Open dominicroye opened 1 month ago
It seems that applying a filter with only single pressure level works, but when combined with filtering by date, we get this error. When I swapped the order of the filters, I got this error:
Error in make_intervals(x$start[i], x$end[i]) :
length(start) > 0 is not TRUE
If you are looking for an alternative approach, filtering with square brackets can be applied this way:
plev = st_get_dimension_values(hu, "plev")
time = st_get_dimension_values(hu, "time")

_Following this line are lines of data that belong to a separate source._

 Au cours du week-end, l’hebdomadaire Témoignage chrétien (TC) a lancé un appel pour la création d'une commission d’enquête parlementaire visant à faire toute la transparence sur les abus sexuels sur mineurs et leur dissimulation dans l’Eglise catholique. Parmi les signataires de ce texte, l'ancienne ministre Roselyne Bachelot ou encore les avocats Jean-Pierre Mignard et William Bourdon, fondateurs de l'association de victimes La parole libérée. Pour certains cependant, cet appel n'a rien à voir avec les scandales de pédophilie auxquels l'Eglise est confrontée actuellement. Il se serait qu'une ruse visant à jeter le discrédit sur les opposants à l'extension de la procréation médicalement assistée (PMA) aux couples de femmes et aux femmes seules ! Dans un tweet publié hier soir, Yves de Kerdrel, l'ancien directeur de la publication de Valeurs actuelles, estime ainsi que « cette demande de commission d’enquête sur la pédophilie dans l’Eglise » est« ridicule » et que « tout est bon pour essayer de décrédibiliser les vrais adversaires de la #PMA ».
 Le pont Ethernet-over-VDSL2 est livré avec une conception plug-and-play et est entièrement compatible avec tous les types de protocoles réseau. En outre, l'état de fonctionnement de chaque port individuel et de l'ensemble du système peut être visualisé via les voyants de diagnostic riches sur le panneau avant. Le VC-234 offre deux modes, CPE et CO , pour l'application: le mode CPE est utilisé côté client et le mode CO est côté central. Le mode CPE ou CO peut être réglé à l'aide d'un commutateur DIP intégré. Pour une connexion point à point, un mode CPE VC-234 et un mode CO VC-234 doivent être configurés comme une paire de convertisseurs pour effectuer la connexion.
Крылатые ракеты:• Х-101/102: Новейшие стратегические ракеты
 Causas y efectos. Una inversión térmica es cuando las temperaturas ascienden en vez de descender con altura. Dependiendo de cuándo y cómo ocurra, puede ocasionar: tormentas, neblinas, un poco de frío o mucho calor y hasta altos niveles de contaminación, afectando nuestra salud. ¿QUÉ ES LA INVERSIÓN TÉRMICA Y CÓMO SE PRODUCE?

plev_idx = which(plev == units::set_units(850*100, Pa))
time_idx = which(time <= as.POSIXct("1950-06-01 12:00:00", tz = "UTC"))
hu[,,, plev_idx, time_idx]
# stars object with 4 dimensions and 1 attribute
# attribute(s), summary of first 1e+05 cells:
# Min. 1st Qu. Median Mean 3rd Qu. Max.
# Relative Humidity [%] 0.03111257 48.86616 70.07285 63.57896 81.61889 124.086
# dimension(s):
# from to offset delta refsys values x/y
# x 1 512 -0.3516 0.7031 NA NULL [x]
# y 1 256 89.81 -0.7017 NA NULL [y]
# plev 2 2 NA NA udunits [85000,70000) [Pa]

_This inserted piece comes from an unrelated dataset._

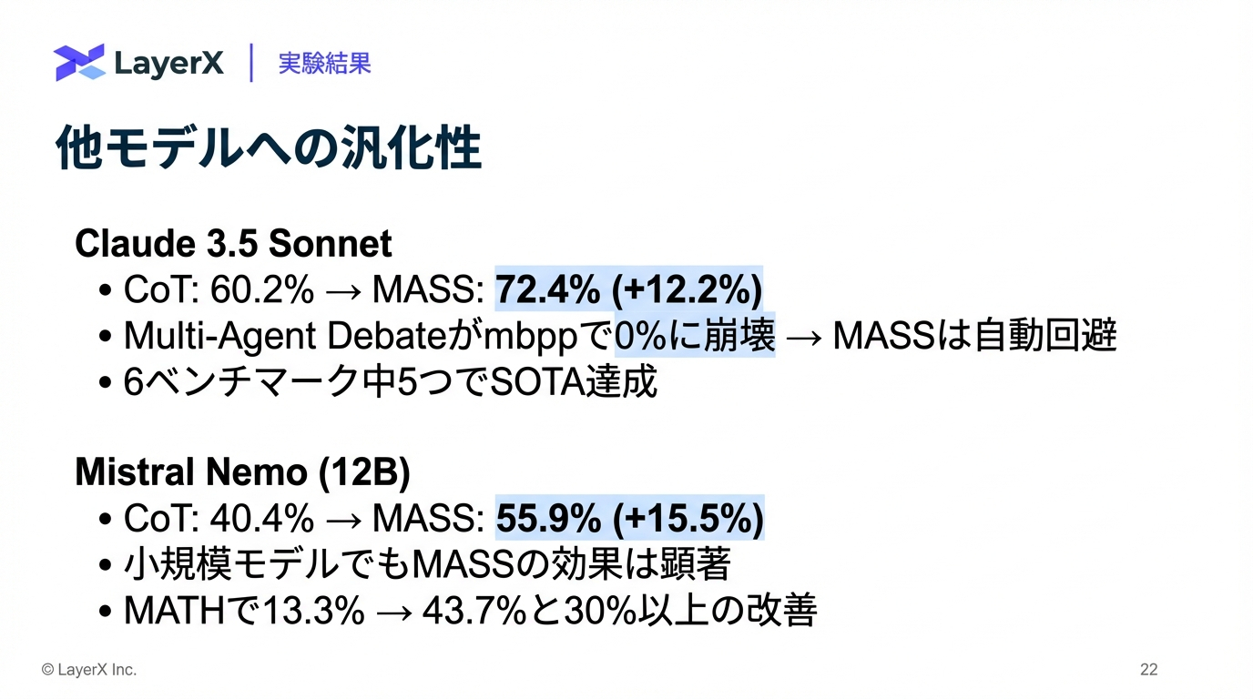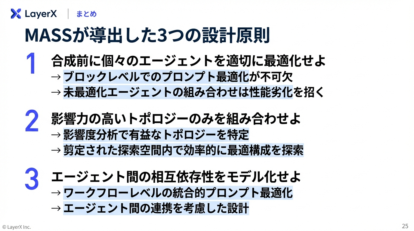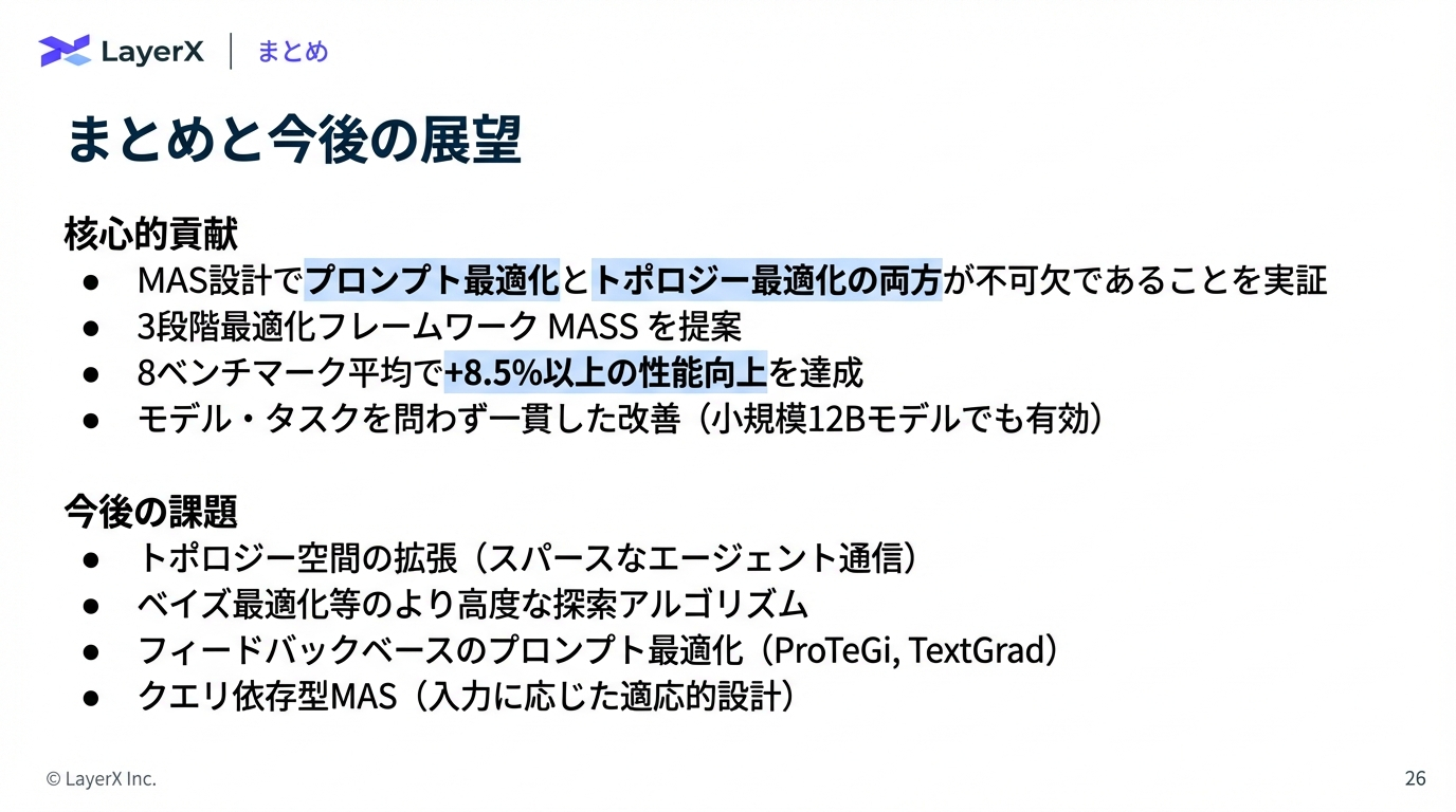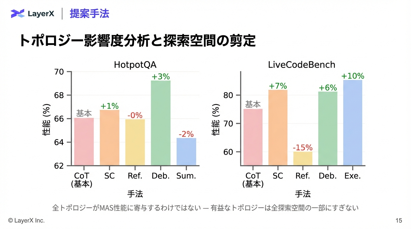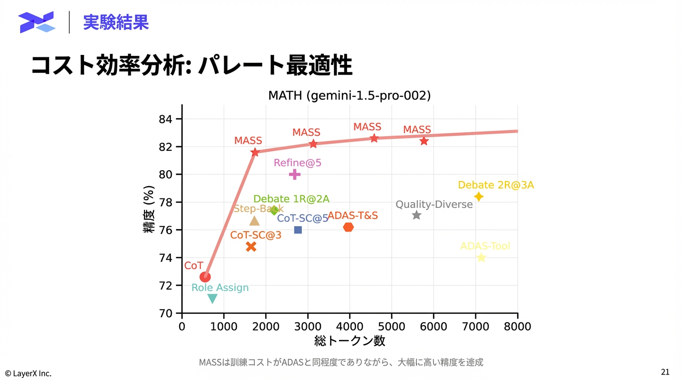 - 結論: 科学論文のメタ分析のように、誤ったデータが許されない(High-Stakesな)タスクでは、コスト増は精度担保のための保険として正当化される。一方、大量データ処理には向かない。
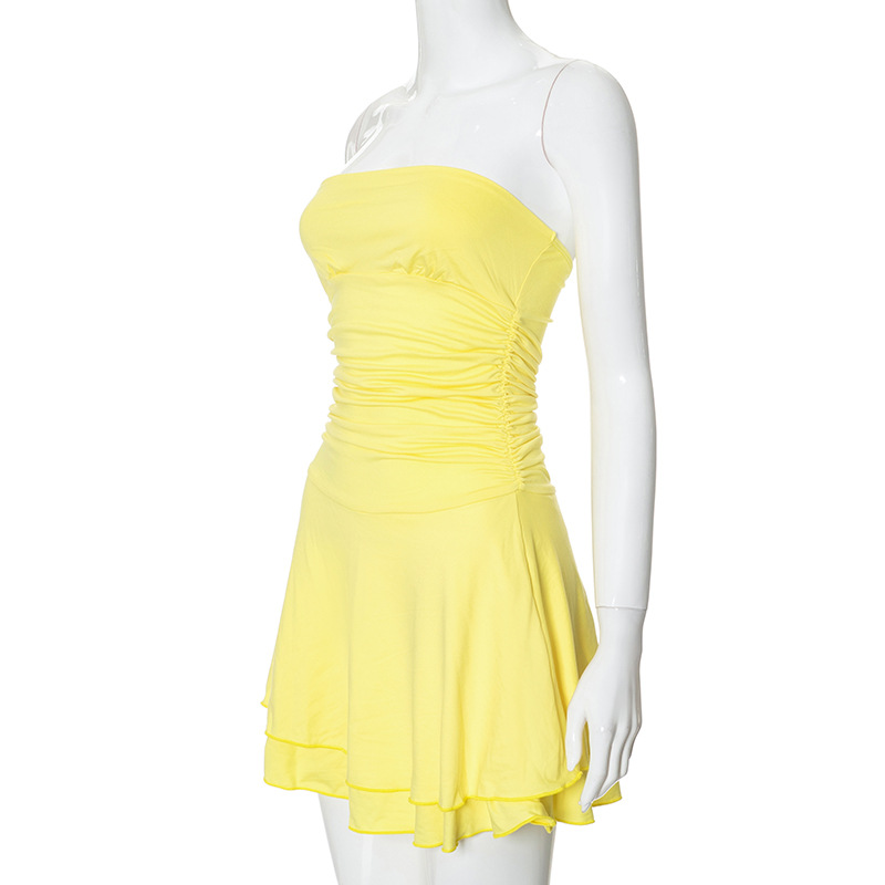This Women Pleated Skirt Solid Strapless Dress Design Made Of High Quality polyester And Spandex Material. It Is Stretchy, Durable And Comfortable. Casual Dresses With Long Sleeves Can Not Only Be Worn As Outerwear In Spring And Autumn, But Also Matching a Jacket In Winter, It Is a Must Have Item For Every Season. Grab Really Great Buy Casual Dresses For Women And Grow Your Business. No Moq In BamBam.

# time 1 152 1950-01-01 12:00:00 UTC 1 days POSIXct NULL
Yes, this solution is working. Thanks!!
I just noticed that it works only without using stars_proxy.

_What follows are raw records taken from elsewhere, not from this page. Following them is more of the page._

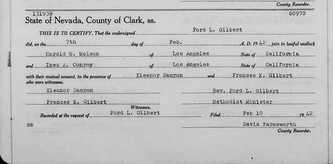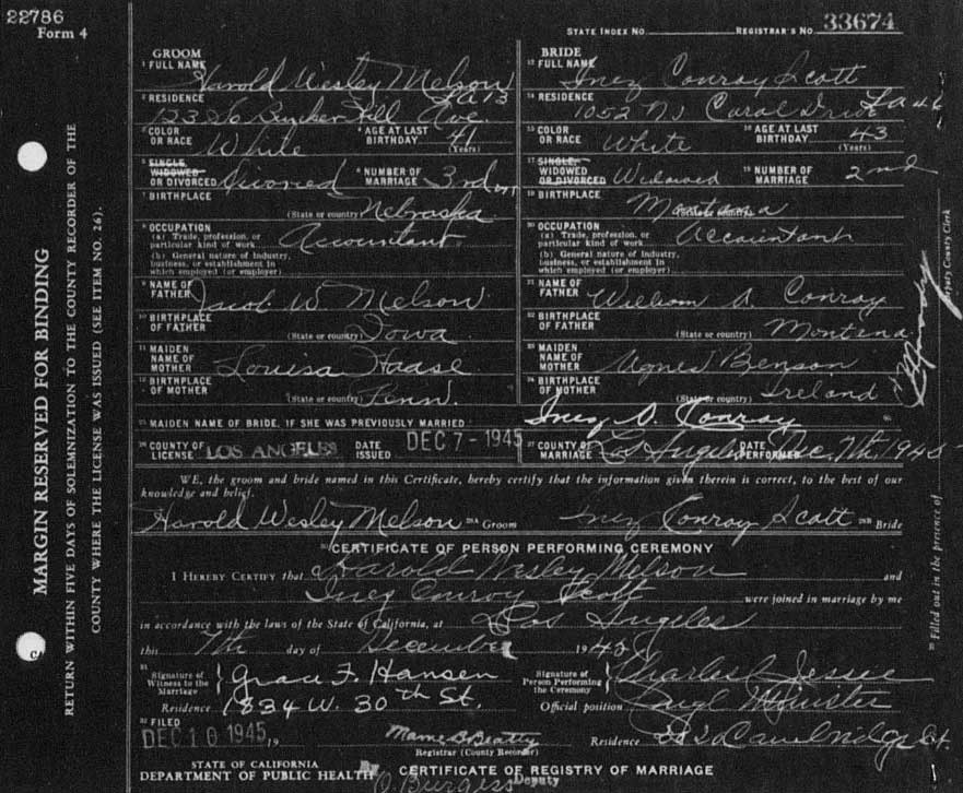 On February 10, 1942 she married Harold Wesley "Pat" Melson (November 12,1904, Nebraska-September 21,
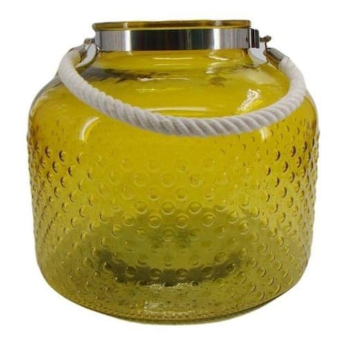 O Vaso de vidro decorativo com alça de corda trançada é perfeito para decorar seu ambiente, seja para suas flores preferidas ou simplesmente como uma peça decorativa. Confeccionado em vidro grosso, no tom amarelo.
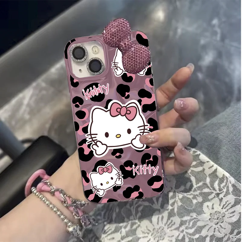 Funda de leopardo con lazo de Hello kitty 3D para OPPO Reno 14 14F 13 12 FS 13F 12F 11F 11 10 Pro 5G 7 4G 6 5 Find X3 Lite cubierta de teléfono de PC - imagen 1
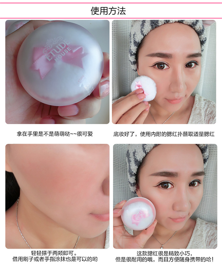 | 底妆好了之后,使用内附的腮红扑蘸取适量腮红,轻轻搽于两颊即可。 借用刷子或者手指涂抹也是可以的哟 | ||

hu <- read_stars("hur_day_EC-Earth3_historical_r1i1p1f1_gr_19500101-19501231.nc", proxy = T)
plev = st_get_dimension_values(hu, "plev")
time = st_get_dimension_values(hu, "time")
plev_idx = which(plev == units::set_units(850*100, Pa))
time_idx = which(time <= as.POSIXct("1950-06-01 12:00:00", tz = "UTC"))
hu <- hu[,,, plev_idx, time_idx, drop = T]
> write_mdim(hu, "test.nc")
Error in names(dim(x[[i]])) <- names(d) :
attempt to set an attribute on NULL
This seems to now work:
library(stars)
hu <- read_mdim("hur_day_EC-Earth3_historical_r1i1p1f1_gr_19500101-19501231.nc", proxy = T)
plev = st_get_dimension_values(hu, "plev")
time = st_get_dimension_values(hu, "time")
plev_idx = which(plev == units::set_units(850*100, Pa))
time_idx = which(time <= as.Date("1950-06-01"))
hu <- hu[,,, plev_idx, time_idx, drop = T]
write_mdim(hu, "/tmp/test.nc")
Yes, it worked. Thanks. But as far as I see, it doesn't work with read_stars()
? The thing is that read_mdim()
doesn't read multiple files as time series.
The thing is that read_mdim() doesn't read multiple files as time series.
Can you give an example where that doesn't work?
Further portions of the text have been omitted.